Forum Discussion

C_the_S's avatar
C_the_S
Bronze Contributor
Apr 19, 2017

Changing UPNs / Domains

We are going to be changing our company name, so this requires a new domain. The new domain has been added to On-Prem AD and Office365.   On a test user we have changed the UPN to the new domain a...
office 365
C_the_S's avatar
C_the_S
Bronze Contributor
Apr 19, 2017

I've attempted to reply to this thread twice already but neither has shown up.

Want to thank you for the link as I modified their script and it worked.

 

And no VasilMichev, it did not require a password change for it to work. It just required running the proper PowerShell script which the Support document obviously doesn't have.

  • Justin Baker's avatar
    Justin Baker
    Copper Contributor
    Apr 27, 2017

    I ran into the same issue and this exchange helped me, but I'd like to add that to me the big difference between the MSOL cmdlets and the Azure AD (new) cmdlets is that the MSOL cmdlet will generate a password for your profile when running it and the AzureAD cmdlets do not. 

     

    In order to fix this issue you first have to change your UPN to match the default domain - for example @tenant.microsoft.com which is a MS domain and since that domain is not a federated one, the user account needs a password.

     

    When setting the UPN to match the default domain using the MSOL cmdlets, I didn't get an error about password profile being empty which was great.

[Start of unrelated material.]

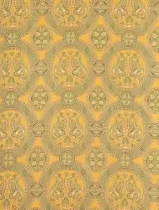 作品紋樣取材于漢、唐、宋、明、清時代的傳統(tǒng)蜀錦紋樣,采用的原料為純天然綠色纖維——染色桑蠶絲和粘膠棉漿絲。該織錦充分體現(xiàn)出蜀錦面料的色彩艷麗與富麗華貴。
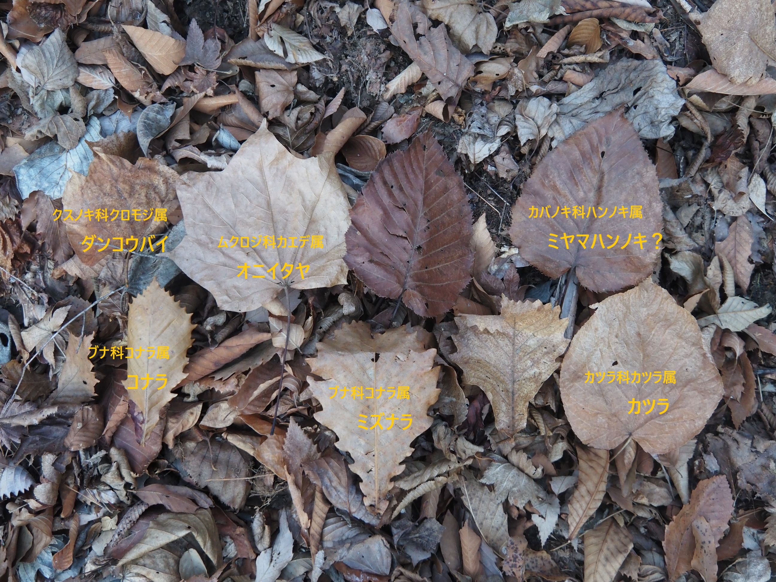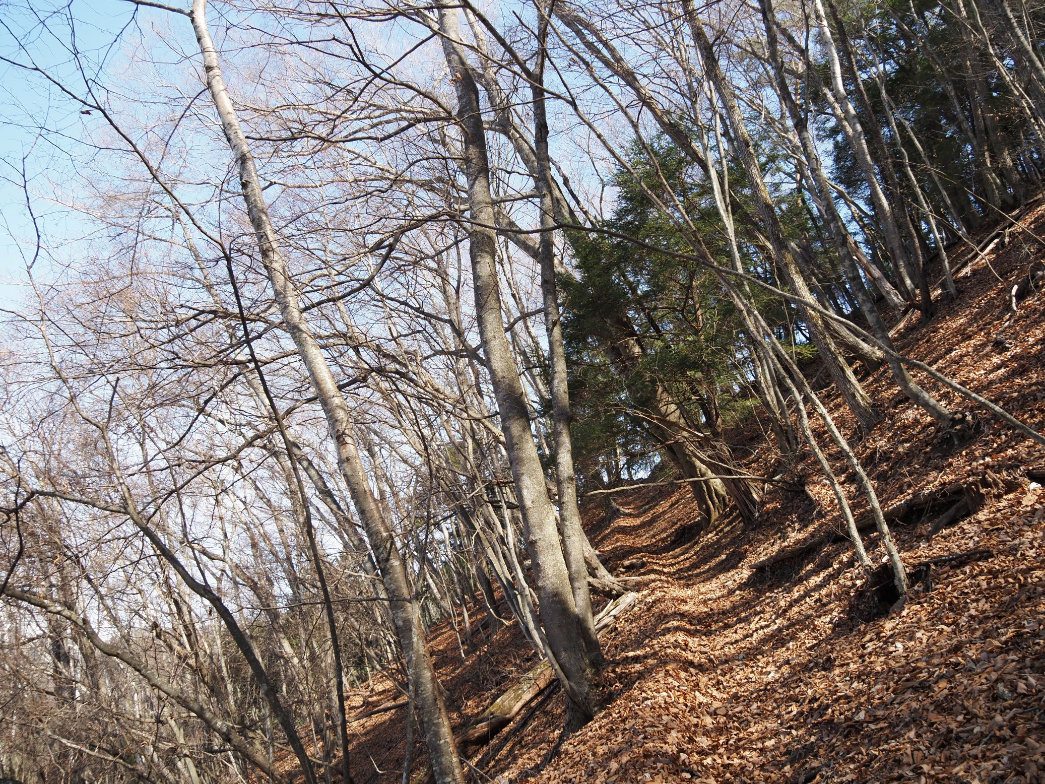 登山道は戸倉キャンプ場からの登山道は落葉広葉樹が多く、冬は登山道が落ち葉で埋まる。どんな樹木があるのか、落ち葉で同定しながら歩く。そんな静かな山歩き。

The cmdlet worked, however, it returned a random 8 character alphanumeric word each time I executed it when the default domain (@tenant.microsoft.com) was part of the UPN.  This leads me to believe the cmdlet is generating a password and setting it as part of its process for setting the UPN when no password exists in the profile and getting around the error that the Set-AzureADUser cmdlet throws when no password is set in the profile.

     

    When you run the cmdlet the 2nd time and set it to the federated domain name (its a 2 step process to fix this issue), the random alphanumeric 8 character word is not generated which makes sense as the domain the UPN is using is now a federated one and the user will authenticate against your on-premise ADFS instance not against an Azure owned domain (aka default domain).

     

     

     

    • C_the_S's avatar
      C_the_S
      Bronze Contributor
      Apr 27, 2017

      Thanks, but I ran the script on two test users to change their UPNs, and at no time did I or the scripts change their passwords. It finished successfully both times.

      Maybe that isn't how it is supposed to work, but that is how it worked for us.

      • Justin Baker's avatar
        Justin Baker
        Copper Contributor
        Apr 28, 2017

        The command finished successfully for me as well, but whenever I changed the UPN to the default domain (Microsoft's domain) using the MSOL cmdlet it would return at 8 character alphanumber upon completion, but only when I chose Microsoft's domain as the one for the UPN and not my federated one.  

         

        Are you saying if you change your user from the federated domain to the Microsoft default domain that the cmdlet does not return that for you?

         

        Example:

         

        Set-MsolUserPrincipalName -UserPrincipalName justin@mydomain.net -NewUserPrincipalName justin@tenant.microsoft.com

         

        Then I'd see something like the below output to my shell

        Bota2317

         

        I'm using powershell verion 5.1 on Windows 10 to run the cmdlet.